What this task involves ▸ Go to the line below that contains "Long skirt with". From there to the end of the records, reproduce each line exactly, except the pictures.

Given data ▸
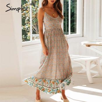 Simplee Boho robe longue à imprimé fleuri, style col en V, bretelles fines, idéale pour l'été
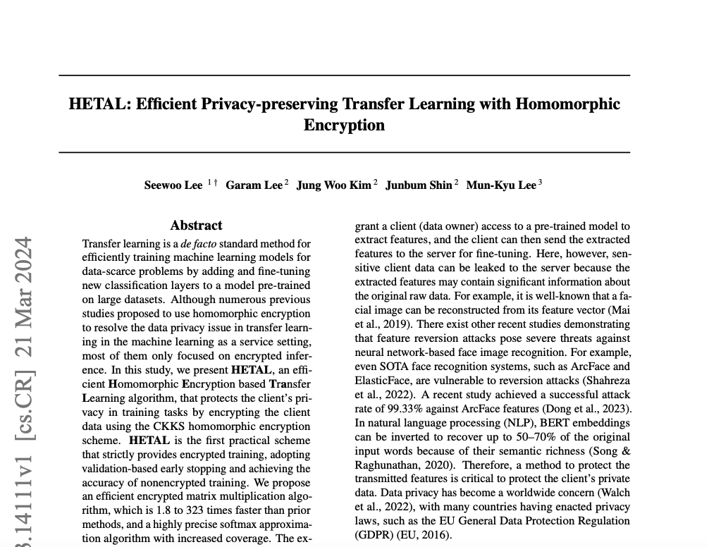 - HETAL은 동형암호(Homomorphic Encryption, HE) 기반의 효율적인 전이 학습(Transfer Learning, TL) 알고리즘입니다.
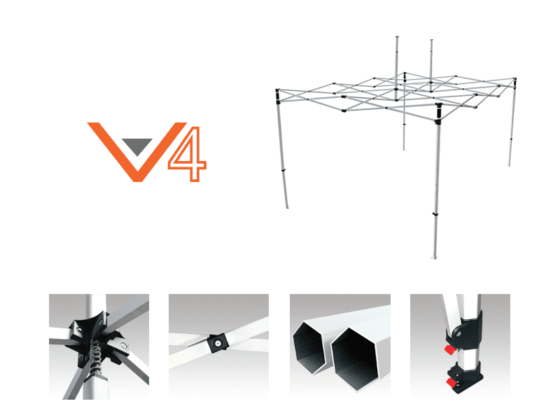 Our custom canopy frames are made of commercial grade materials that are durable and made to last from one event to the next. They are designed for professional use at any event and are easy to setup with no tools required. The pop up deployment system makes it quick and simple to set up your custom tent booth in no time.
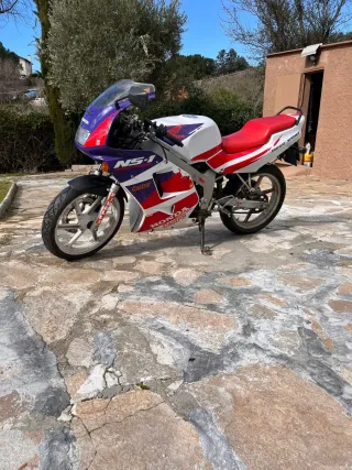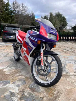 Moto deportiva Honda NS-1 con transmisión manual. - Diseño deportivo. - Colores llamativos en morado y rojo. Neumáticos en buen estado. - Ideal para coleccionistas o entusiastas. - En buen estádo en general algún desperfectos estéticos,se ve en las últimas fotos. -Sin ITV - con papeles,a nombre de un amigo,me la dejo para ponerla un poco al día. La moto se encuentra en un pueblo de Guadalajara.
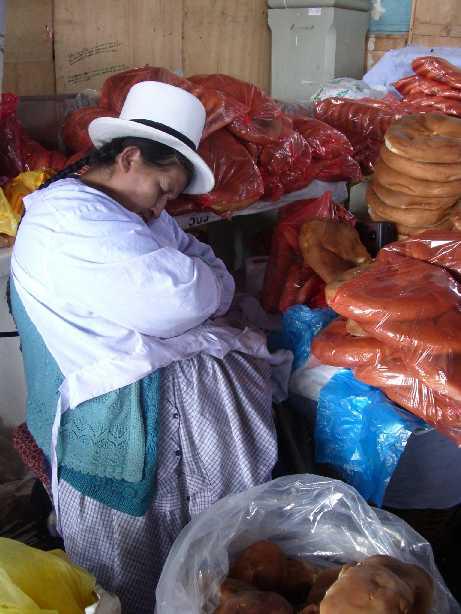 ペルーの女の人はこのオバちゃんがかぶってるような背の高いお帽子をかぶってたくまよっ♪
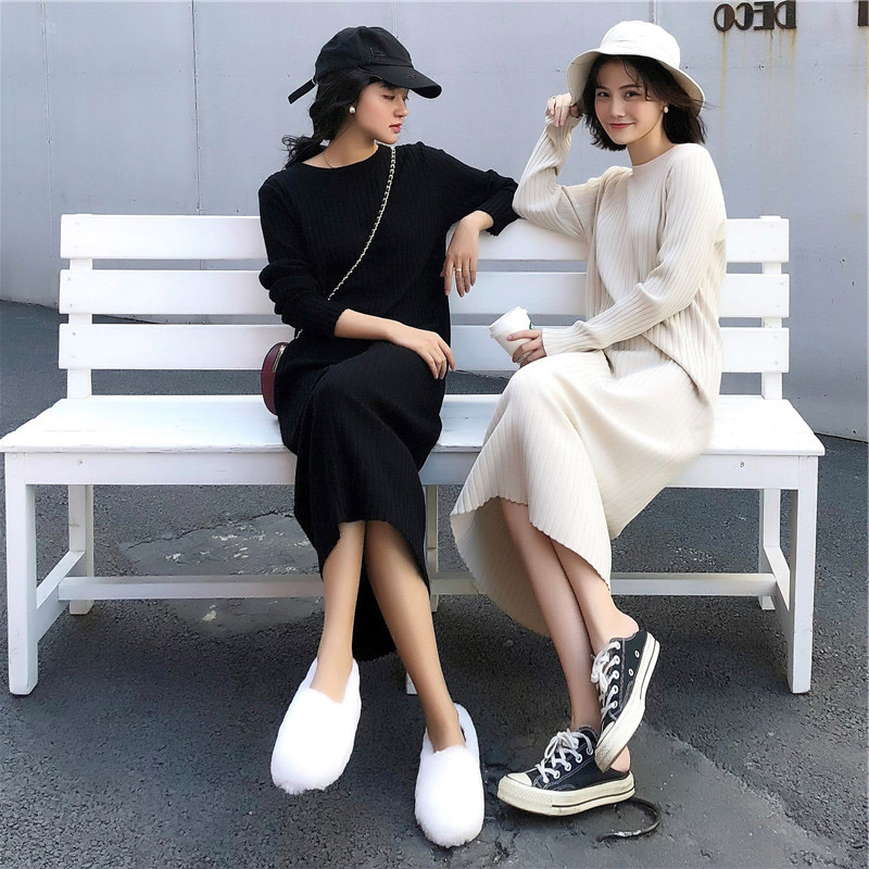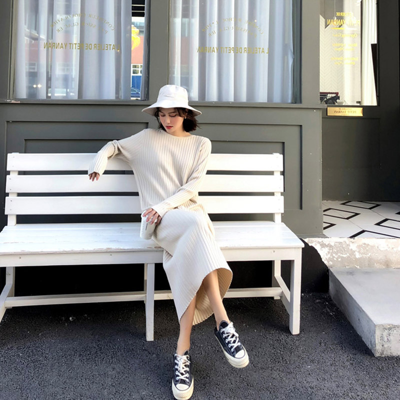Long skirt with coat, bottom sweater skirt, knee loose Korean version of long knitted dress autumn and winter women's temperament
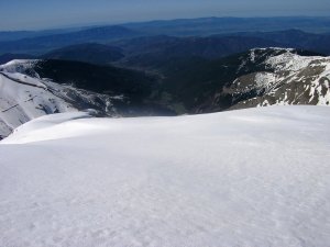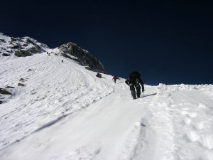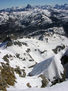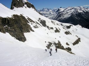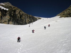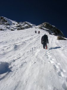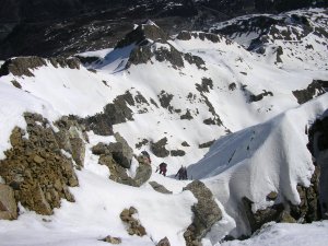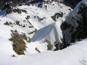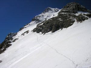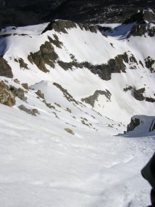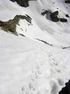 Enla bajada desde el collado se aprecia la huella de nuestra subida

Written answer ▸
Long skirt with coat, bottom sweater skirt, knee loose Korean version of long knitted dress autumn and winter women's temperament
 Enla bajada desde el collado se aprecia la huella de nuestra subida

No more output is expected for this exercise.